Lucky for us, our child was born in a progressive little town in the mountains of Western North Carolina where >>my daughter is one of several children in our circle of friends who have two moms .
She was able to witness other families that looked like ours from the very beginning. When my partner and I split up, I gravitated toward friendships with other single moms, again giving her a view of a family like ours. I thought I had a firm handle on the whole family questions thing. And I was going to avoid her future resentment of me/us. I had dodged that bullet.
So, imagine my surprise when one day on the way to preschool my daughter drops the bomb “Mama, who do we know that has a dad?”. Crickets…
Whoa, I had to think and then I had to think some more. I mentioned my brothers, her cousin’s dads… “No mama, who do we really know that has a dad?”
BAM! There it was like a fly on my windshield. An epic parent fail. In an effort to help my little nugget (who was hatched by two chicks, one chick who crossed the road all the way out west) feel normal, I had inadvertently alienated the original normal .
My daughter quickly moved on to something else, a slug bug or city bus catching her attention.

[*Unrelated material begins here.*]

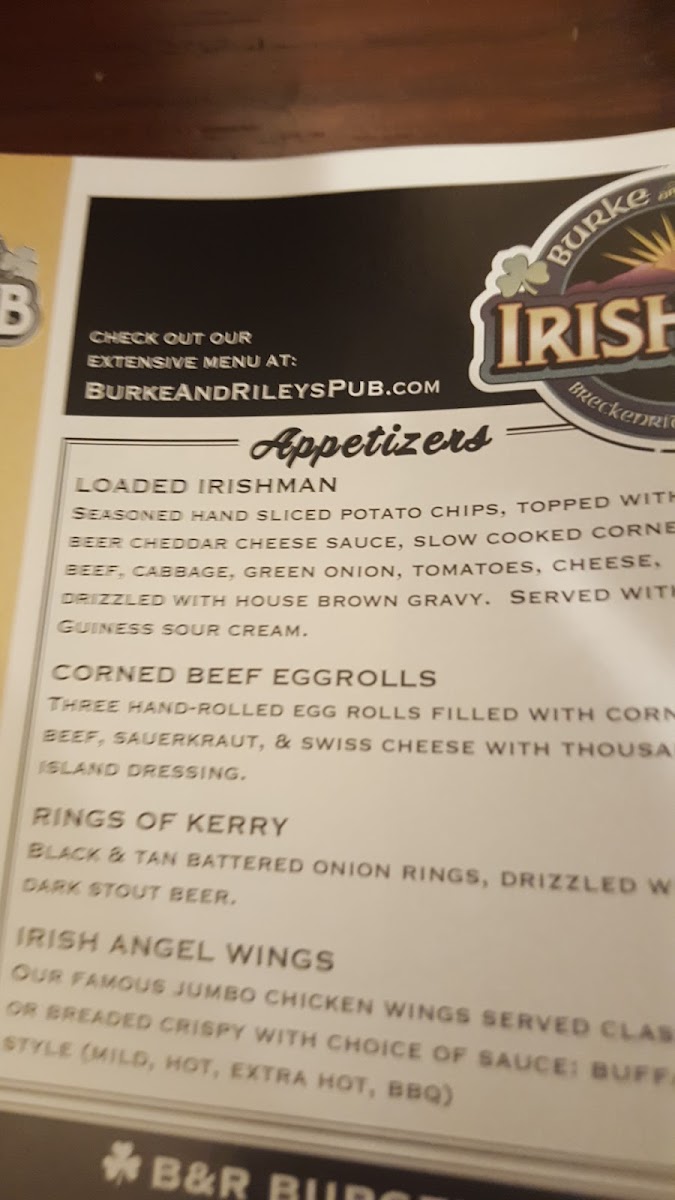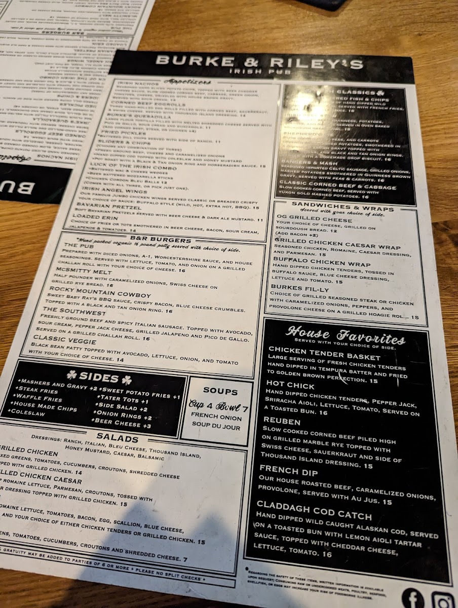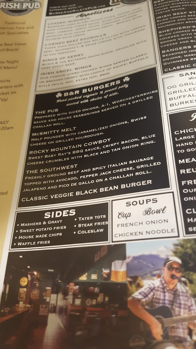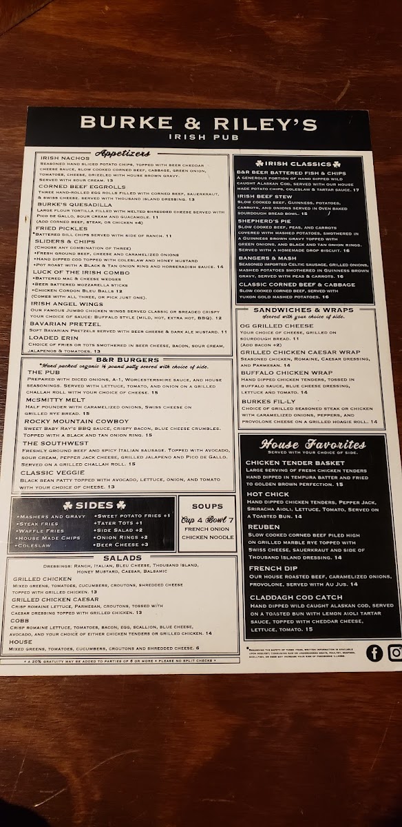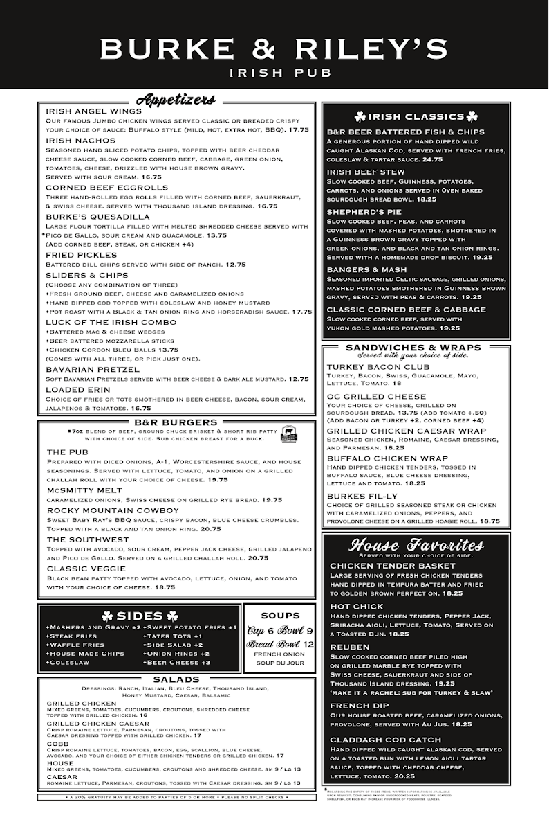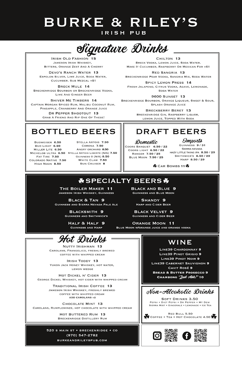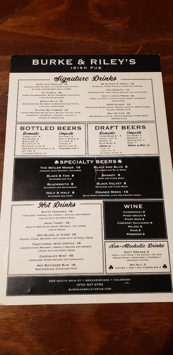 When you step into Burke And Riley's Irish Pub, you're in for a delightful treat. Nestled at 520 S Main St #3P in Breckenridge, CO, this cozy spot is perfect for anyone craving authentic Irish flavors with a modern twist. The menu offers a little something for everyone, whether you’re in the mood for hearty pub classics or something a bit more adventurous. From rich, flavorful stews to perfectly cooked fish and chips, every dish is crafted to make you feel right at home. Don't forget to check out their famous Irish whiskey selection or enjoy a pint of Guinness while savoring the lively, welcoming atmosphere. Whether you’re stopping by for a casual bite or celebrating with friends, the Burke And Riley's Irish Pub Menu is sure to leave you satisfied.

I, however, remained fixated on her question all day. I thought of the ways I internalized society’s view of family as two parents, not just one. My club of steel magnolia single moms modeled hard work and resourcefulness. In trying to show my daughter that she didn’t need a man, could I be inadvertently creating a curiosity for men and boys that would backfire on me in the form of a promiscuous teenager?
Maybe. Or maybe not. I decided to stop obsessing and just starting adding men to the mix. It’s not like I didn’t know any, I has just gotten into some social “habits” of doing the same things with the same people.
Now, my daughter is in elementary school where she is one of several kids who have two moms and where she has several friends who have really amazing dads.